Vertical Distribution and Seasonal Patterns of Candidatus Nitrotoga in a Sub-Alpine Lake

Abstract

The nitrite oxidizing bacterial genus Ca. Nitrotoga was only recently discovered to be widespread in freshwater systems; however, limited information is currently available on the environmental factors and seasonal effects that influence its distribution in lakes. In a one-year study in a dimictic lake, based on monthly sampling along a vertical profile, the droplet digital PCR quantification of Ca. Nitrotoga showed a strong spatio-temporal patchiness. A correlation ana­lysis with environmental parameters revealed that the abundance of Ca. Nitrotoga correlated with dissolved oxygen and ammonium, suggesting that the upper hypolimnion of the lake is the preferred habitat.

Nitrification is a central process in the nitrogen cycle that microbially converts ammonia via nitrite to nitrate (NH₃→NO₂^–→NO₃^–). The nitrification process is performed by organisms with the ability to use reduced inorganic nitrogen compounds as an energy source and inorganic carbon fixation to reach the carbon demand (Prosser, 1989; Kuypers et al., 2018; Sedlacek, 2020). Research in this field is important to optimize engineered biological nitrogen removal processes, and waste water treatment plants are often employed as model systems to study the niche preferences and environmental adaptations of nitrifying microbes (Daims et al., 2016; Holmes et al., 2019). In contrast to ammonia oxidizers, nitrite oxidizing bacteria (NOB) are poorly characterized in aquatic ecosystems even though this group of microorganisms is widespread in various freshwater systems. Recent studies suggest that Nitrospirae representatives are often the dominant functional guild of NOB in the hypolimnion of deep oligotrophic lakes (Alfreider et al., 2018; Cabello-Yeves et al., 2019; Herber et al., 2020). The recently discovered NOB lineage Ca. Nitrotoga, a candidate genus belonging to Betaproteobacteria (Burkholderiales), also exhibits a broad habitat range of artificial and natural freshwater systems, including running waters and lakes. Ca. Nitrotoga is an important representative of NOB in rivers, being present in the water column and sediments characterized by a wide range of environmental conditions (Fan et al., 2016; Boddicker and Mosier, 2018; Lantz et al., 2021). Previous studies also investigated Ca. Nitrotoga in freshwater lakes. Podowski et al. (2022) found that Ca. Nitrotoga was important in the water column of shallow and productive basins of the Laurentian Great Lakes, whereas Nitrospirae dominated deeper and oligotrophic lake types.

An important environmental adaptation of enriched Ca. Nitrotoga, which has been extensively examined, is a preference for low temperatures. Ca. Nitrotoga is also the only cultured NOB that remains active under cold conditions at 4°C and this group of bacteria is often the dominant NOB in polar ecosystems or permafrost soils (Alawi et al., 2007). The preference of Ca. Nitrotoga for cold environments was‍ ‍also confirmed in a lake ecosystem in West Antarctica. In water column samples obtained from subglacial Lake Whillans, a habitat characterized by an average in situ temperature of –0.49°C, operational taxonomic units associated with Ca. Nitrotoga were highly abundant, accounting for 9–13% of rRNA sequence data (Christner et al., 2014; Achberger et al., 2016).

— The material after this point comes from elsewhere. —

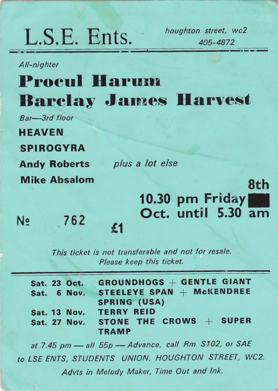 | 711009 | Leicester University, UK | See 'Procol for Europe' clipping (thanks, Martin) |
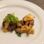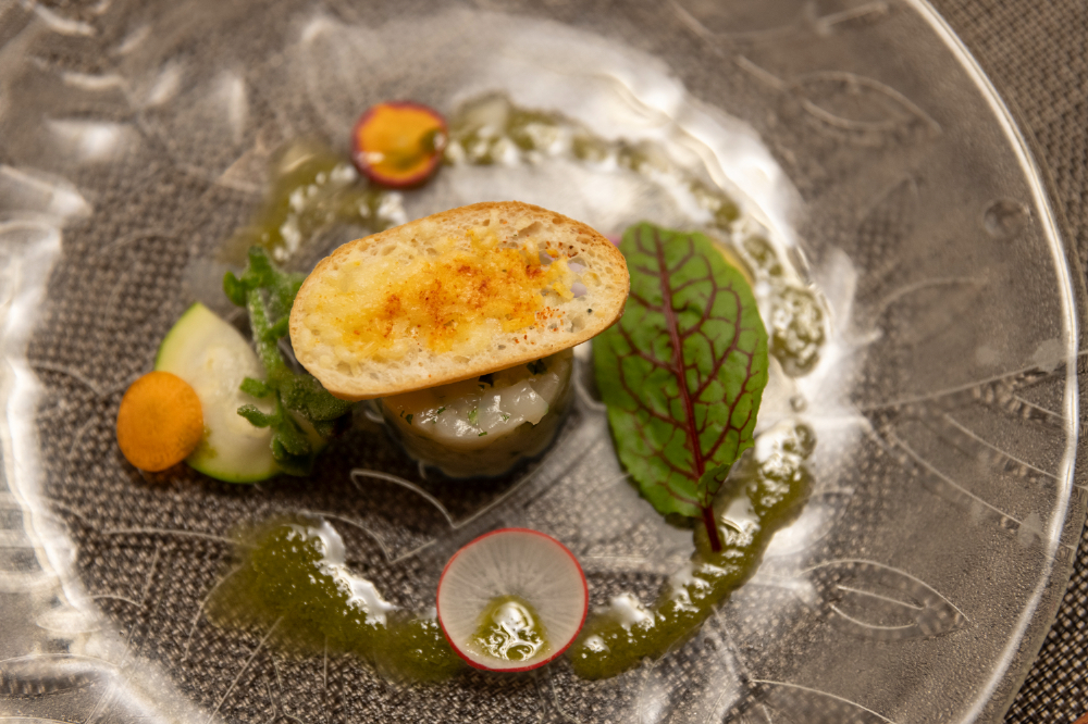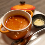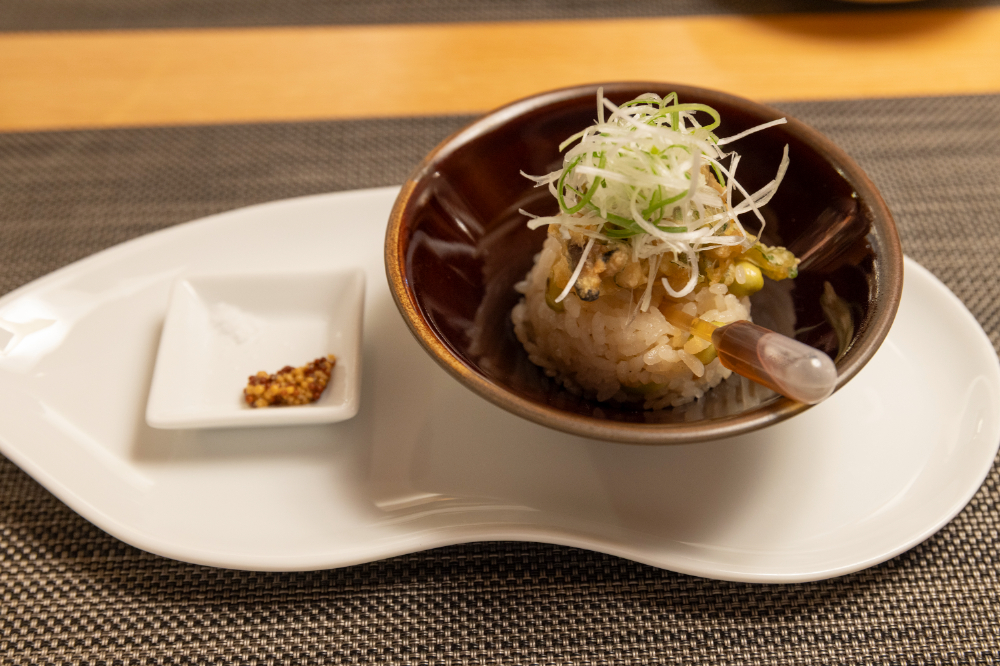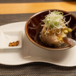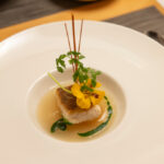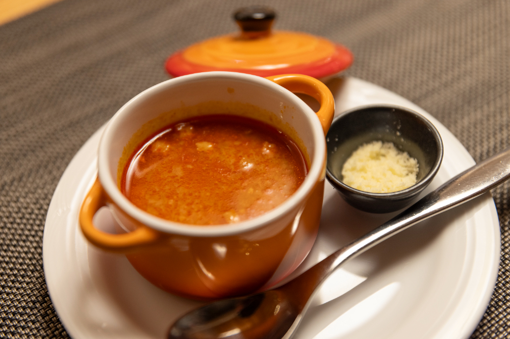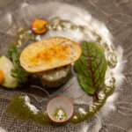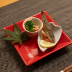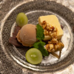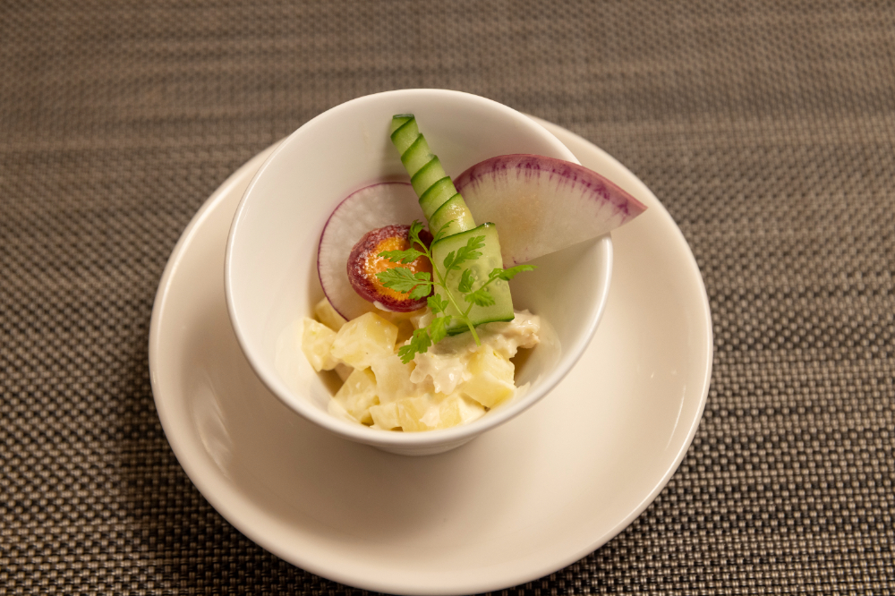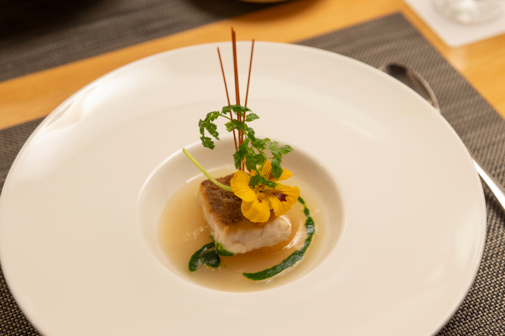 夜は「お福分け」と名付けられた、地元食材たっぷりのコースをいただきます。ひと皿ずつ丁寧に盛り付けられた料理には、旬の野菜や山の幸、川や海の幸がふんだんに使われ、口にするたびに心まで満たされるような味わい。暖炉を囲むように配置されたテーブルで、静かな空間の中、自然と調和したホテルならではの贅沢なひとときをゆったり楽しみます。

In the present study, the small dimictic lake Piburger See (PIB) was selected because sequencing studies from previous sampling campaigns detected rRNA gene sequences related to Ca. Nitrotoga, while all other NOB, including Nitrospira and Nitrobacter, were absent (16S rRNA sequence data and sampling information are available in the NCBI BioProject database under accession number PRJNA1034802). The quantification of amoA genes specifically targeting Comammox Nitrospira from another study also showed that complete ammonia oxidizers were absent or present at negligible amounts in the pelagic zone of this lake (Harringer and Alfreider, 2021). The main objective of the present study was to investigate Ca. Nitrotoga in PIB within the framework of a high spatiotemporal resolution in order to examine the vertical distribution and seasonal patterns of this NOB using a sensitive quantitative mole­cular method (droplet digital PCR). These data were analyzed in the context of environmental parameters measured in parallel to identify which factors shape the occurrence of Ca. Nitrotoga in the water column of the lake.

PIB is a small freshwater lake located in a crystalline mountain area in Austria (913‍ ‍m‍ ‍a.s.l.; 47°11′42″N, 10°53′20″E). It is characterized by an oligo-mesotrophic nutrient status and a dimictic mixing regime and is generally covered with ice from mid-December until the end of March. The water retention time is approximately two years. More detailed information on the lake is provided elsewhere (Alfreider and Tartarotti, 2019). Samples of the annual cycle in PIB were collected monthly over a period of one year (starting from October 2016) along a vertical profile at 3-m intervals in the deepest part of the lake identified in a previous study (nine samples from depths of 0 to 24 m) (Alfreider and Tartarotti, 2019). The depth profiles of temperature, pH, conductivity, and dissolved oxygen (DO) were measured with a multiparameter probe, and the major cation and anion compositions of the water samples were quantified by ion chromatography as described by Alfreider and Tartarotti (2019).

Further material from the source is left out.